For their study, the researchers sought to determine the effects of resistance training on nerve conduction velocity (NCV), and if changes in NCV are dependent on age. Testing 48 subjects ranging from 18 to 84 years old, the researchers recorded NCV in the forearm and maximal strength before and after four weeks of handgrip training in both arms (training was conducted three times a week).

To measure each subject’s NCV, the researchers used nerve conduction tests that stimulated the nerves in the muscles of the forearm and measured how fast it took to activate the muscle.

In the post-training tests, every senior that performed the training showed improvement in their nerve conduction. A nerve contains both fast and slow motor neurons, and the fast neurons are the first to deteriorate, disconnect from muscle and become inactive with age. The researchers hypothesize that the training reactivated these fast neurons in the older participants, a process called reinnervation.

“When you lose fast neurons, you also lose the fast muscle fibers that are activated by them, and then your power, or the speed at which you can produce force, decreases,” says Jason DeFreitas, chair of the exercise science department and the nutrition and food studies department at Falk College.

“If you can reactivate those lost neurons, you can produce force faster again and that has practical implications so that a slip or a trip doesn’t become a terrible fall.”

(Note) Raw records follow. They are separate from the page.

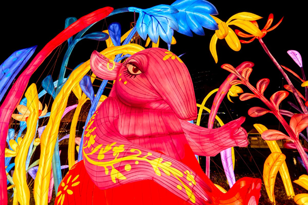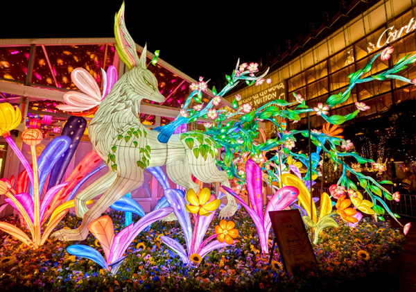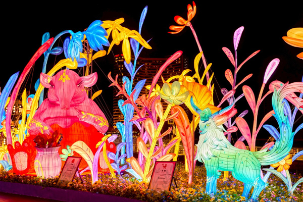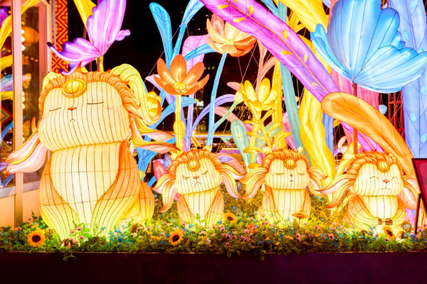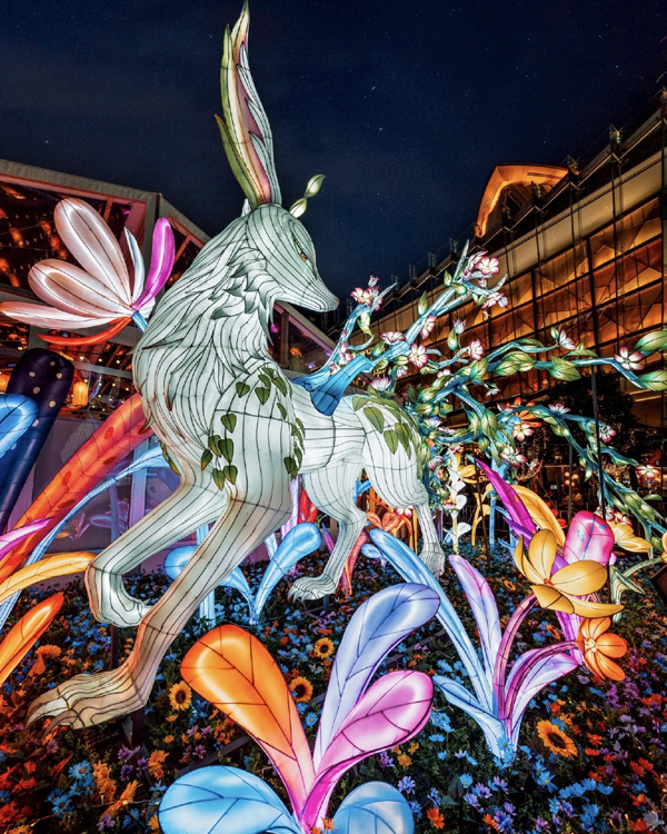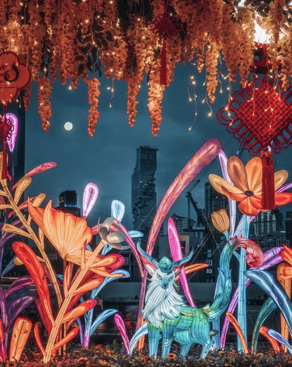 มีกลุ่มโคมไฟที่ชื่อว่า “สัตว์เทพมอบพร” ตรงกลางคือ “จุนจุน” สัตว์เทพน่ารักจากยุคราชวงศ์โจวตะวันตกของจีน เชื่อกันว่าสามารถกลืนกินฝันร้ายได้ เป็นนางฟ้าผู้พิทักษ์แห่งความฝัน ด้านซ้ายของจุนจุนคือ “เว้ยโซ่ว” ภูตวิเศษที่สามารถขับไล่สิ่งชั่วร้ายและสิ่งอัปมงคล ด้านขวาคือ “หลิงเมา” แมวเทพผู้มีพลังสืบพันธุ์ตนเอง เป็นสัญลักษณ์ของความสงบสุขและการอยู่ร่วมกัน กลุ่มโคมไฟ “สัตว์เทพมอบพร” นี้เปี่ยมด้วยคาอวยพรให้แก่ทุกท่าน พร้อมสื่อถึงการผสมผสานระหว่างวัฒนธรรมจีนและมิตรภาพที่ยั่งยืนอีกด้วย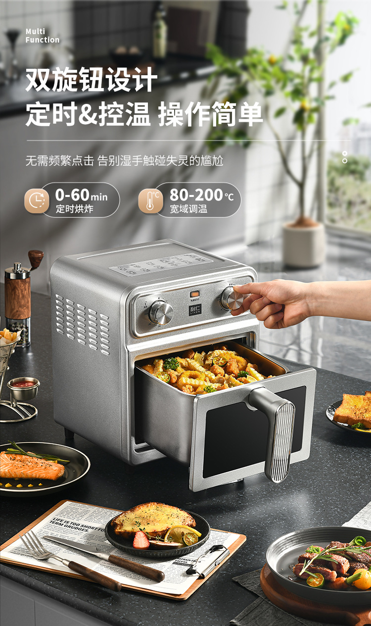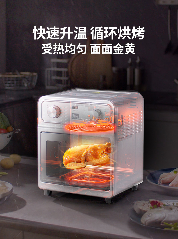 [무역] 리렌 에어프라이어 KZ-J6569/70/97 듀얼 열원 소형 스틸 뷰어블 케이스 오븐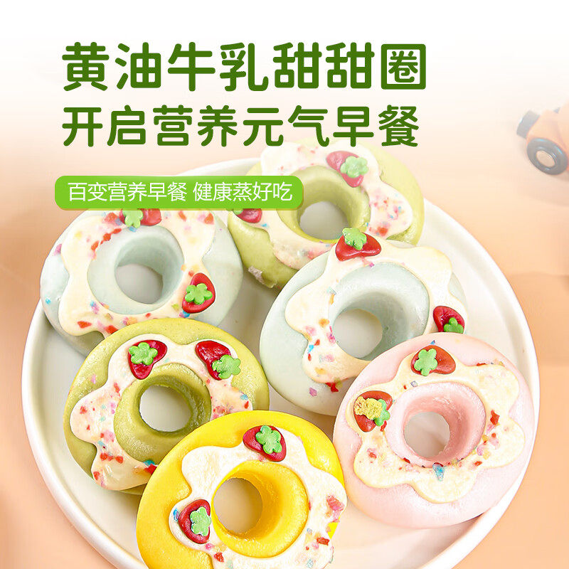 黄油牛乳甜甜圈,开启营养元气早餐,0反式脂肪酸,配料干净,营养健康,萌趣可爱,好吃又好看!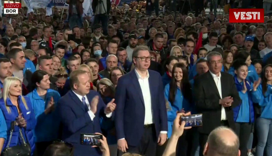 -Broj jedan našoj listi je legendarna doktorka Danica Grujičić, koja se ceo život bori za naše zdravstvo. Dobili smo 10 miliona evra, a minimalno 20 miliona evra je potrebno za izgradnju bolnice u Boru i imate moje obećanje da ćemo ove godine krenuti u taj veliki posao. Tri stvari ću da obećam Boranima. Od 1. maja krećemo da uradimo 30 kilometara puta i žeo mi je što to nismo raniej uradili. Treća stvar je, ono što je veoma važno, neću da radim pre izbora, ali od izbora dolazim u Krivelj da sa ljudima u Krivelju, Slatini razgovaram i da zajednički rešimo svaki problem i pri tome neću nikoga da obmanjujem i neću nikome da govorim ono što želi da čujem. Ako treba 24 sata se neću pomeriti sa stolice da čujem šta država može da uradi za ljude da bi bili sigurni u budućnost zemlje i svoje dece, rekao je Vučić na početku obraćanja.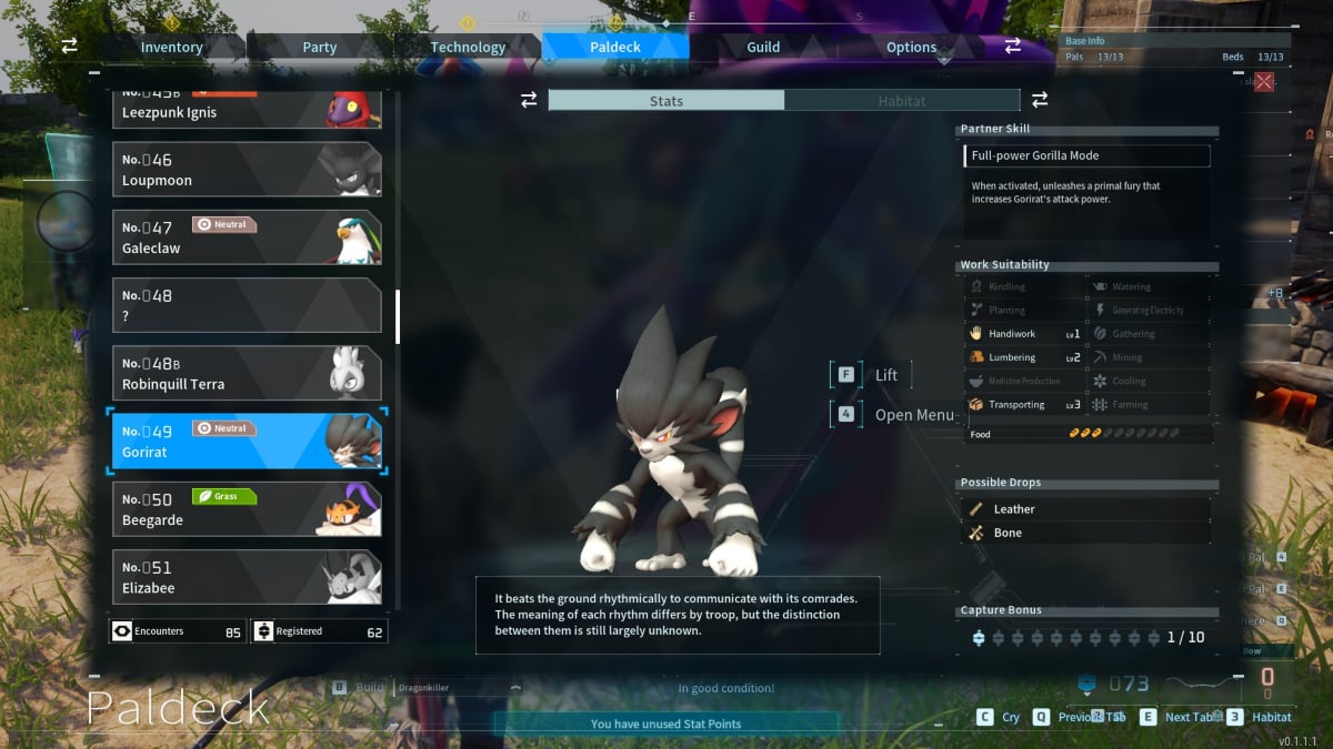 Gorirat can be considered one of the best combat Pals from the Neutral types, and might even be considered one of the best among all Pals. The reason why is its Partner Skill: Full-power Gorilla Mode. In this mode, Gorirat gets an increase to its attack power, and it can avoid opposing enemy attacks by leaping around before immobilizing them with a Donkey Kong-esque slam.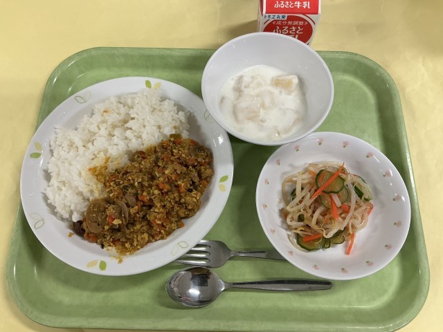 ドラカレーライス こんにゃくサラダ フルーツヨーグルト 牛乳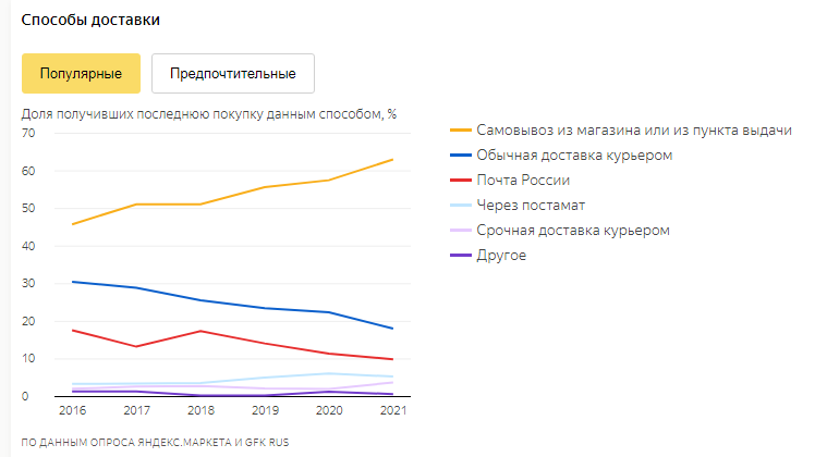 - "Яндекс.Маркет"/GfK (декабрь): 62,5% россиян пользуются самовывозом из магазина или пункта выдачи. На втором месте — доставка курьером (17,9%), на третьем — почта (9,8%).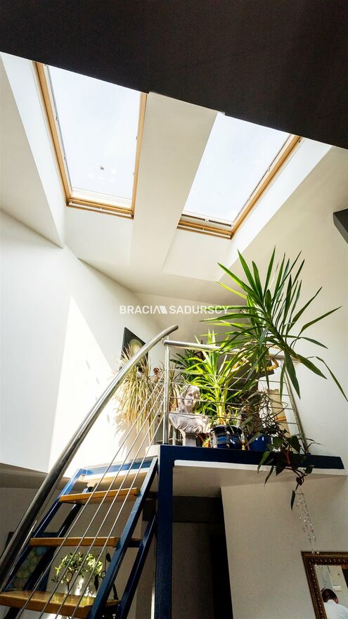 Powierzchnia mieszkania została maksymalnie zagospodarowana z dbałością o funkcjonalność i ergonomię układu. Rozkład obejmuje salon z aneksem kuchennym, 3 niezależne sypialnie na poziomie podstawowym oraz 2 dodatkowe sypialnie na antresolach, łazienkę, osobne WC, balkon oraz taras. Mieszkanie jest dwustronne i dobrze doświetlone.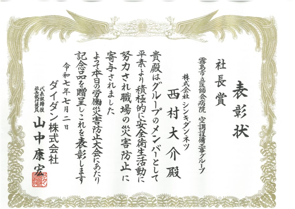 社長賞受賞のご報告 2025 10/29 このたび、ダイダン株式会社より社長賞を受賞いたしました。霧島市立医師会病院の現場において、メンバーの一員として災害防止に貢献したことが評価されたものです。 今回の受賞を励みに、今後も安全第一を心がけ、職場の災害防止と質の高い施工に一層努めてまいります。 お知らせ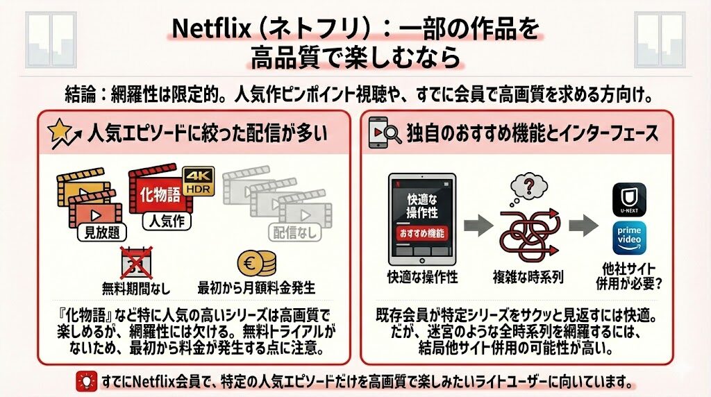 Netflix独自の高画質な視聴環境で物語シリーズの独特な演出を楽しめるのはメリットですが、シリーズを順番にすべて追いたいというニーズには不向きかもしれません。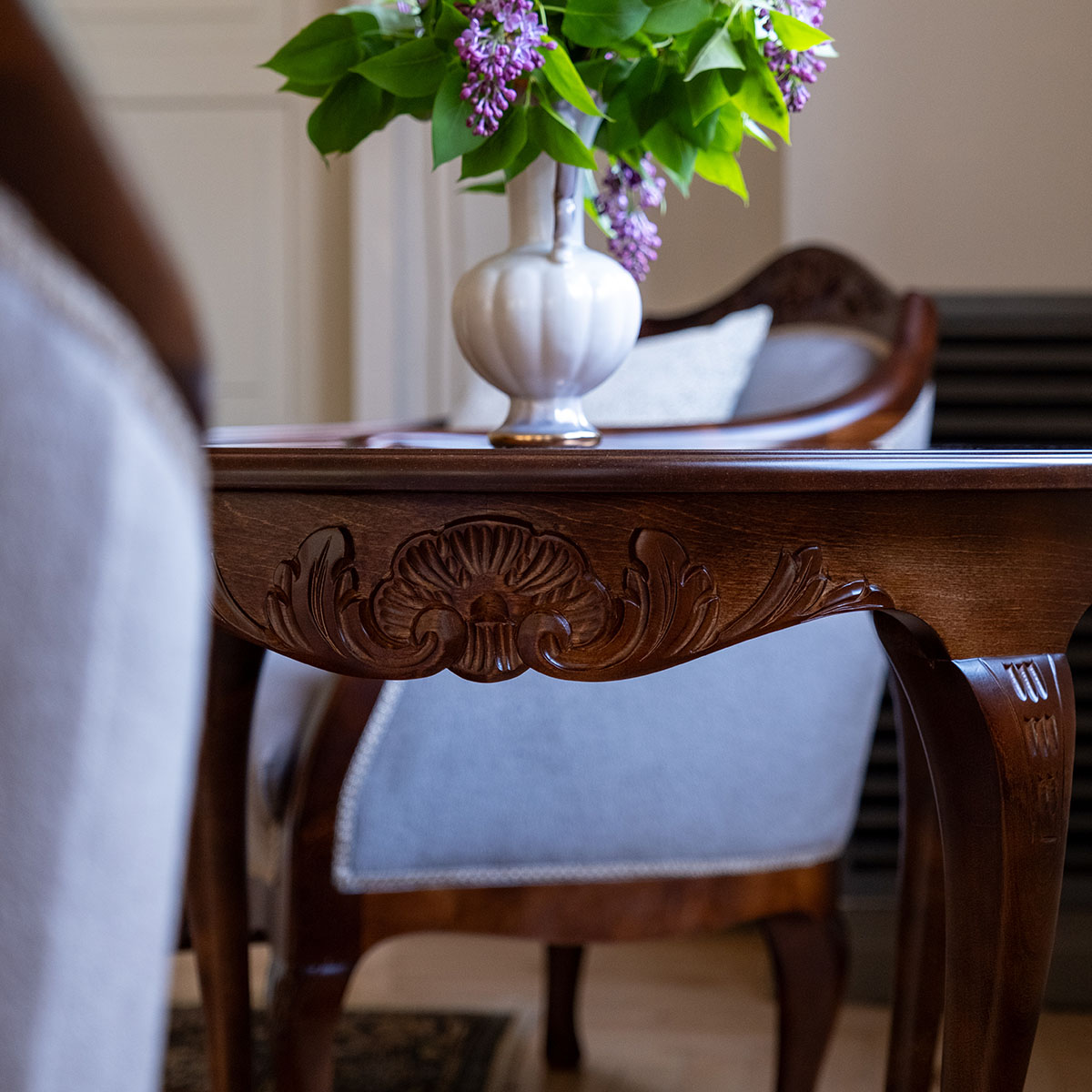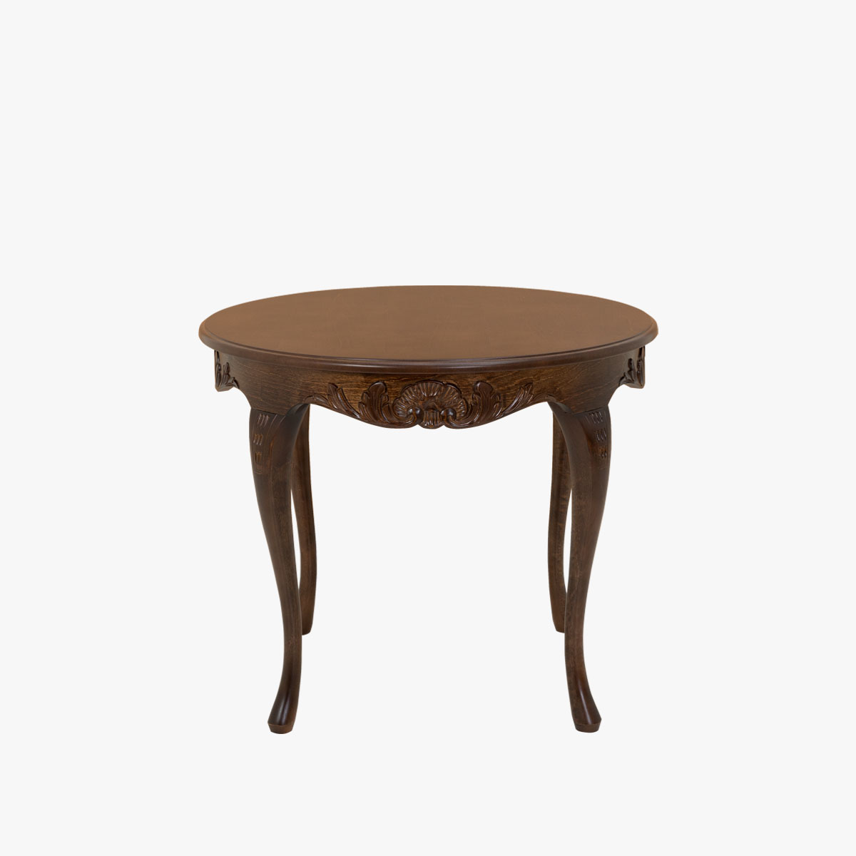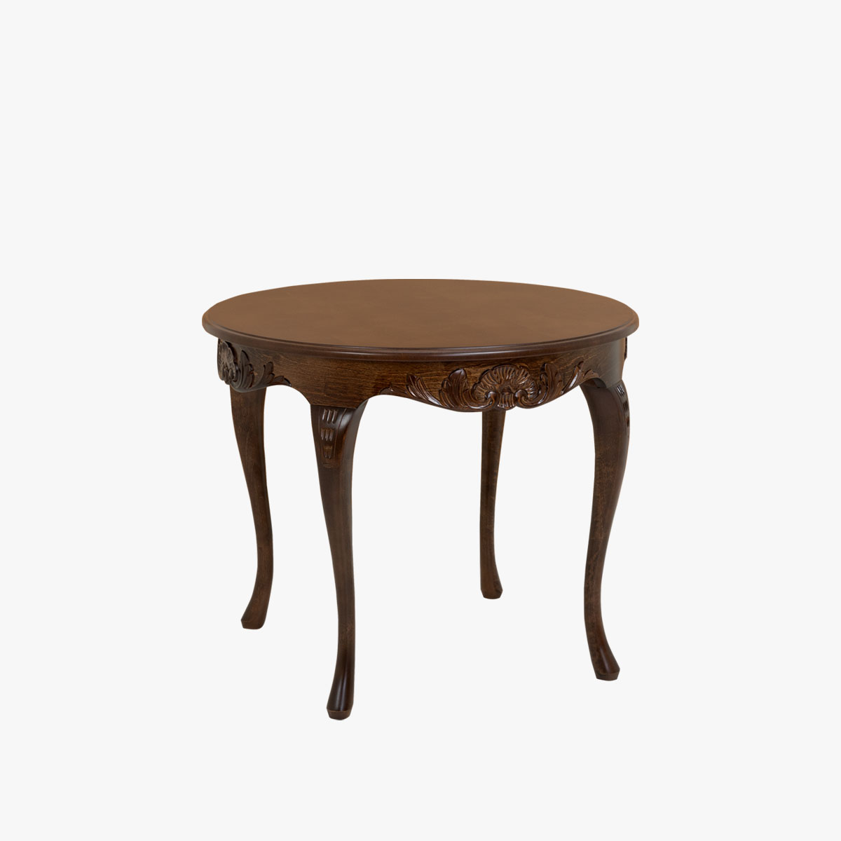 Pyöreä talonpoikaisrokokootyylinen sohvapöytä, jossa on käsin veistetyt yksityiskohdat.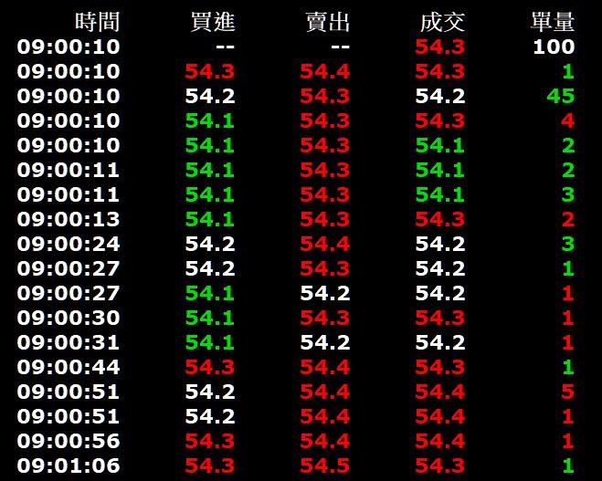 以2606和11/26的交易明細來, 第一分的K線總共有17筆交易, 而我用 XS print 出來只有四筆, 且價格 54.3 -> 54.4 -> 54.1 -> 54.4 怎麼也對不上來!

The research team plans to conduct further studies to determine the role that exercise interventions play in mitigating age-related nerve deterioration, and if the reactivation of fast neurons translates to other parts of the body.

“If we’re reactivating those neurons that started to die, that can play a significant role in the preservation of strength and avoiding disability with aging,” DeFreitas says.

“That to me is the likely hypothesis, so that’s the premise of the follow-up work we’re conducting.”

Additional researchers from Syracuse University, Fairmont State University, Illinois State University, and Oklahoma State University contributed to the work.

Funding for the work came in part from a doctoral research grant awarded through the Central States Chapter of the American College of Sports Medicine.